● **Task instructions**:
The required answer is an exact copy of the lines from the one containing "关于印发《湖南省柑橘木虱科学用药指导性名录》的通知" to the end of the listing, both included, without any pictures.

┄┄┄┄┄┄

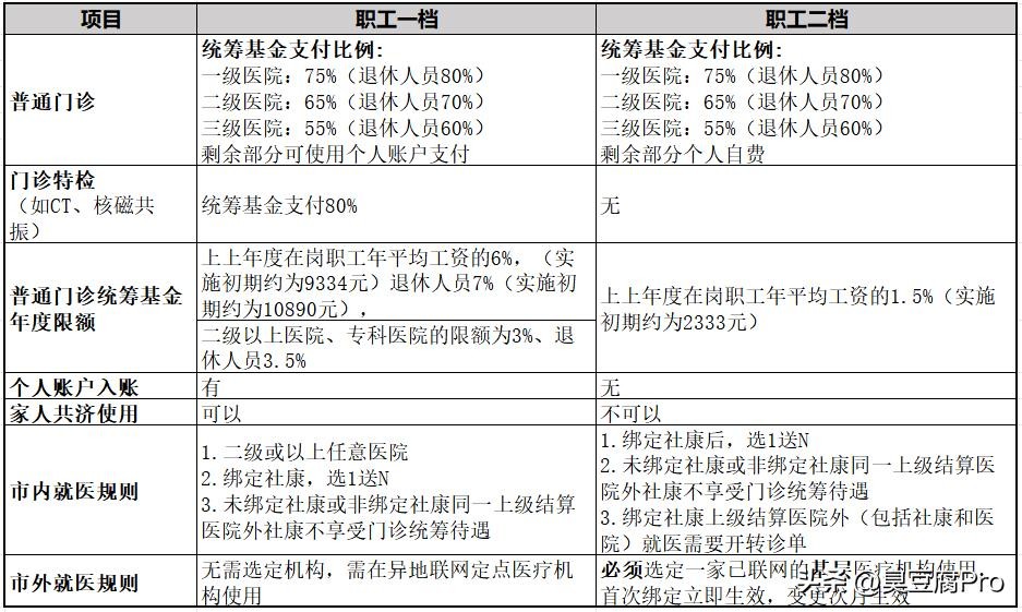从上表可见,在差异在门诊特检、统筹账户年度额度、个人账户、就医规则等方面一档医保还是有较大优势的。
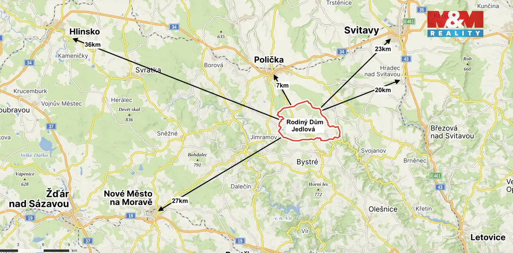 Je zde také možnost připojení plynu. Výhodou je velmi dobrá dopravní dostupnost – autobusová zastávka se nachází přímo naproti domu a město Polička je vzdálené pouhé 4 minuty jízdy.
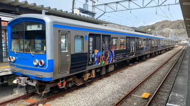 大河ドラマ「鎌倉殿の 13 人」ラッピング電車 写真=伊豆箱根鉄道
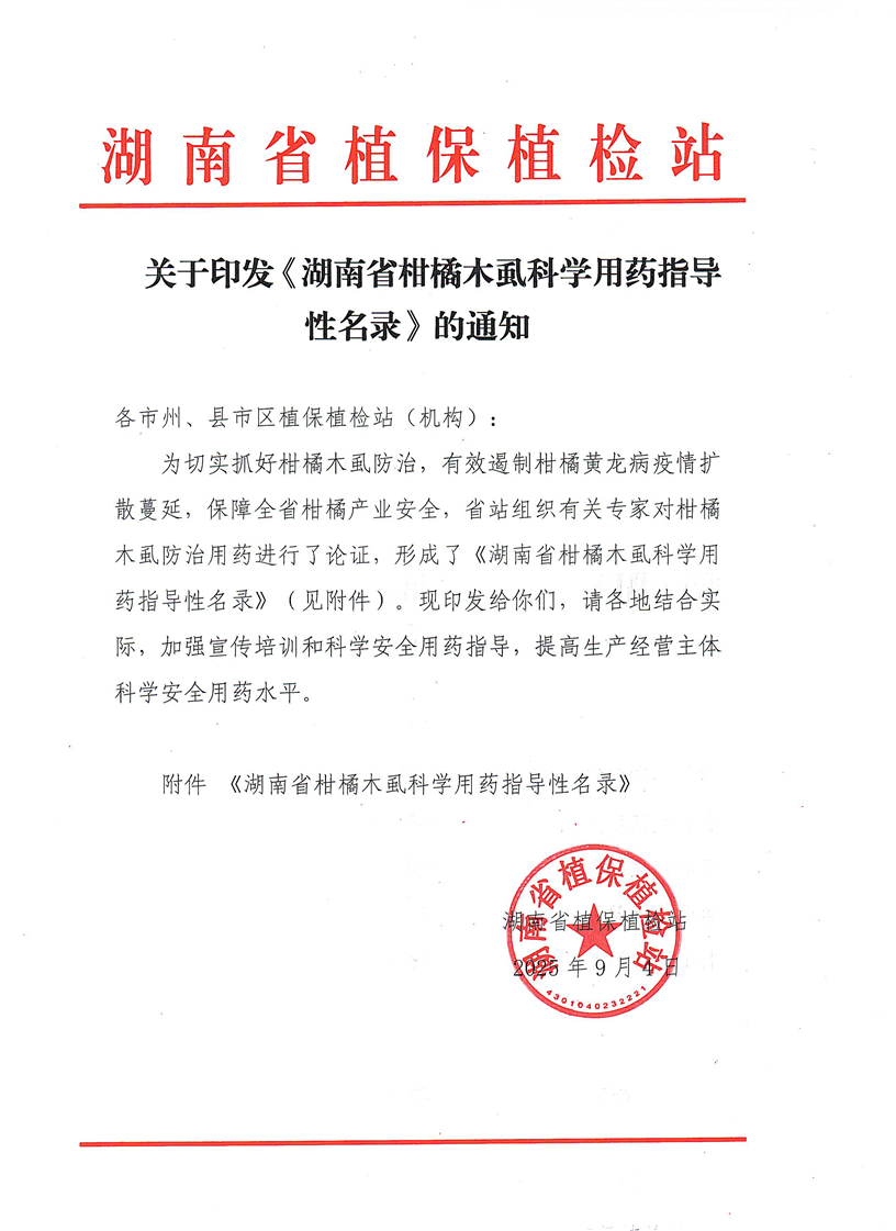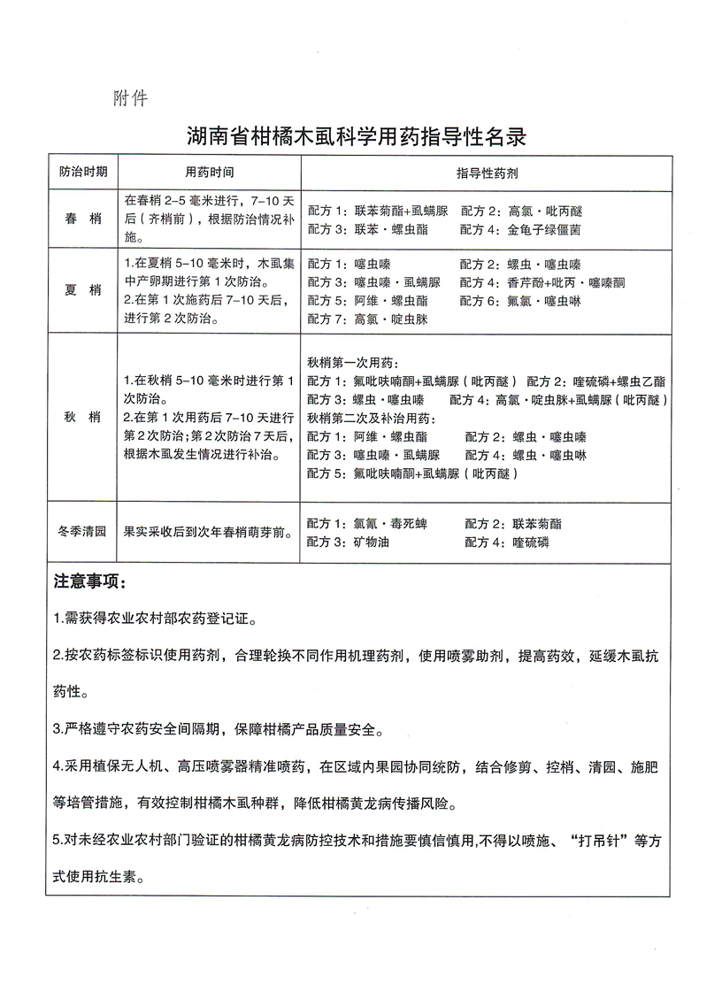 关于印发《湖南省柑橘木虱科学用药指导性名录》的通知
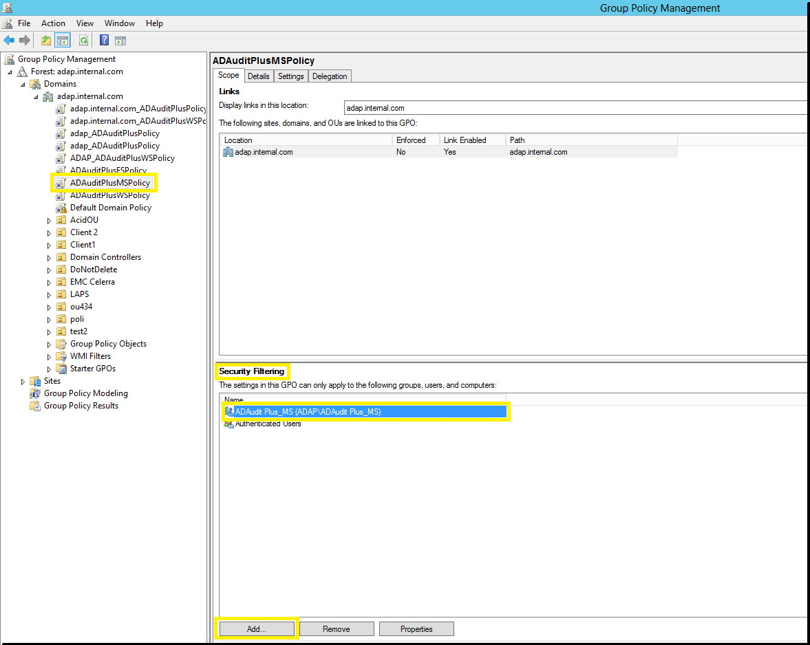 - 将上面的组“ADAuditPlusMS “添加到“ADAuditPlusMSPolicy”中的“安全筛选”内。

┄┄┄┄┄┄

● **Completed task**:
 关于印发《湖南省柑橘木虱科学用药指导性名录》的通知
 - 将上面的组“ADAuditPlusMS “添加到“ADAuditPlusMSPolicy”中的“安全筛选”内。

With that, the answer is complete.